### Instructions to follow
Quote all entries in full, exactly.

Top of Information given

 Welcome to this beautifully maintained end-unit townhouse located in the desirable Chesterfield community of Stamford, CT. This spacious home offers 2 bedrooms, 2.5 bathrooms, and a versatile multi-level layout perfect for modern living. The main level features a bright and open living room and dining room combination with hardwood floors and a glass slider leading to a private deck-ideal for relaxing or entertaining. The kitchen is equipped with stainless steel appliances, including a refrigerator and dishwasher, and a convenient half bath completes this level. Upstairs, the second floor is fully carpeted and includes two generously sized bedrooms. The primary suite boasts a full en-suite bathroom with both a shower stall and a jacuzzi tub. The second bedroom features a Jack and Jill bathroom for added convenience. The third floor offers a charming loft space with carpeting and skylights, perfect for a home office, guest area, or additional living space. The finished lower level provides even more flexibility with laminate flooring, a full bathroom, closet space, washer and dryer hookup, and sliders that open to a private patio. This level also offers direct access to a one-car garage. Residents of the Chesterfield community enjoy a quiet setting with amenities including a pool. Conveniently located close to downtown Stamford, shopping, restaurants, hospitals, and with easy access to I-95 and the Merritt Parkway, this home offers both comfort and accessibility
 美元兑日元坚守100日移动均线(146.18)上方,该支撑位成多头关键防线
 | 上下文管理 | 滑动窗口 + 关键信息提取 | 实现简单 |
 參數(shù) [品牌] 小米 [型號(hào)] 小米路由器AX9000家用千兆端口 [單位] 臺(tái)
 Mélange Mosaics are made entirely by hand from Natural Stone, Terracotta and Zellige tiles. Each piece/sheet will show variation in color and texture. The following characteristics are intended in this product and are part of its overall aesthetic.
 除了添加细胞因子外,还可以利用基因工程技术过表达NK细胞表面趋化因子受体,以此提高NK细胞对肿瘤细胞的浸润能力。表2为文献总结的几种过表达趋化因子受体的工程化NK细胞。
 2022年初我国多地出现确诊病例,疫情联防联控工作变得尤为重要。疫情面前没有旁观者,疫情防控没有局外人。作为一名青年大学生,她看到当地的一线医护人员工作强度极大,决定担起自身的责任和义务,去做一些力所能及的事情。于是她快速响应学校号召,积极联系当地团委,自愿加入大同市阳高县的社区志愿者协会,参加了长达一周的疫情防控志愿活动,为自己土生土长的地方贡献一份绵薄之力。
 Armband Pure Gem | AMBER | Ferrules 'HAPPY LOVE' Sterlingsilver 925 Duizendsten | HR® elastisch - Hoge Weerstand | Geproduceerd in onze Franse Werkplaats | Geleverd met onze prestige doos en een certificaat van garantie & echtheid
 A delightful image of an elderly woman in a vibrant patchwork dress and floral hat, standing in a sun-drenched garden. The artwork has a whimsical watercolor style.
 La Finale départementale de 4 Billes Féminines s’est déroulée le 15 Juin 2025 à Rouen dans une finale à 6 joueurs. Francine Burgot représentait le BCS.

Bottom of Information given

### Solved exercise
 Welcome to this beautifully maintained end-unit townhouse located in the desirable Chesterfield community of Stamford, CT. This spacious home offers 2 bedrooms, 2.5 bathrooms, and a versatile multi-level layout perfect for modern living. The main level features a bright and open living room and dining room combination with hardwood floors and a glass slider leading to a private deck-ideal for relaxing or entertaining. The kitchen is equipped with stainless steel appliances, including a refrigerator and dishwasher, and a convenient half bath completes this level. Upstairs, the second floor is fully carpeted and includes two generously sized bedrooms. The primary suite boasts a full en-suite bathroom with both a shower stall and a jacuzzi tub. The second bedroom features a Jack and Jill bathroom for added convenience. The third floor offers a charming loft space with carpeting and skylights, perfect for a home office, guest area, or additional living space. The finished lower level provides even more flexibility with laminate flooring, a full bathroom, closet space, washer and dryer hookup, and sliders that open to a private patio. This level also offers direct access to a one-car garage. Residents of the Chesterfield community enjoy a quiet setting with amenities including a pool. Conveniently located close to downtown Stamford, shopping, restaurants, hospitals, and with easy access to I-95 and the Merritt Parkway, this home offers both comfort and accessibility
 美元兑日元坚守100日移动均线(146.18)上方,该支撑位成多头关键防线
 | 上下文管理 | 滑动窗口 + 关键信息提取 | 实现简单 |
 參數(shù) [品牌] 小米 [型號(hào)] 小米路由器AX9000家用千兆端口 [單位] 臺(tái)
 Mélange Mosaics are made entirely by hand from Natural Stone, Terracotta and Zellige tiles. Each piece/sheet will show variation in color and texture. The following characteristics are intended in this product and are part of its overall aesthetic.
 除了添加细胞因子外,还可以利用基因工程技术过表达NK细胞表面趋化因子受体,以此提高NK细胞对肿瘤细胞的浸润能力。表2为文献总结的几种过表达趋化因子受体的工程化NK细胞。
 2022年初我国多地出现确诊病例,疫情联防联控工作变得尤为重要。疫情面前没有旁观者,疫情防控没有局外人。作为一名青年大学生,她看到当地的一线医护人员工作强度极大,决定担起自身的责任和义务,去做一些力所能及的事情。于是她快速响应学校号召,积极联系当地团委,自愿加入大同市阳高县的社区志愿者协会,参加了长达一周的疫情防控志愿活动,为自己土生土长的地方贡献一份绵薄之力。
 Armband Pure Gem | AMBER | Ferrules 'HAPPY LOVE' Sterlingsilver 925 Duizendsten | HR® elastisch - Hoge Weerstand | Geproduceerd in onze Franse Werkplaats | Geleverd met onze prestige doos en een certificaat van garantie & echtheid
 A delightful image of an elderly woman in a vibrant patchwork dress and floral hat, standing in a sun-drenched garden. The artwork has a whimsical watercolor style.
 La Finale départementale de 4 Billes Féminines s’est déroulée le 15 Juin 2025 à Rouen dans une finale à 6 joueurs. Francine Burgot représentait le BCS.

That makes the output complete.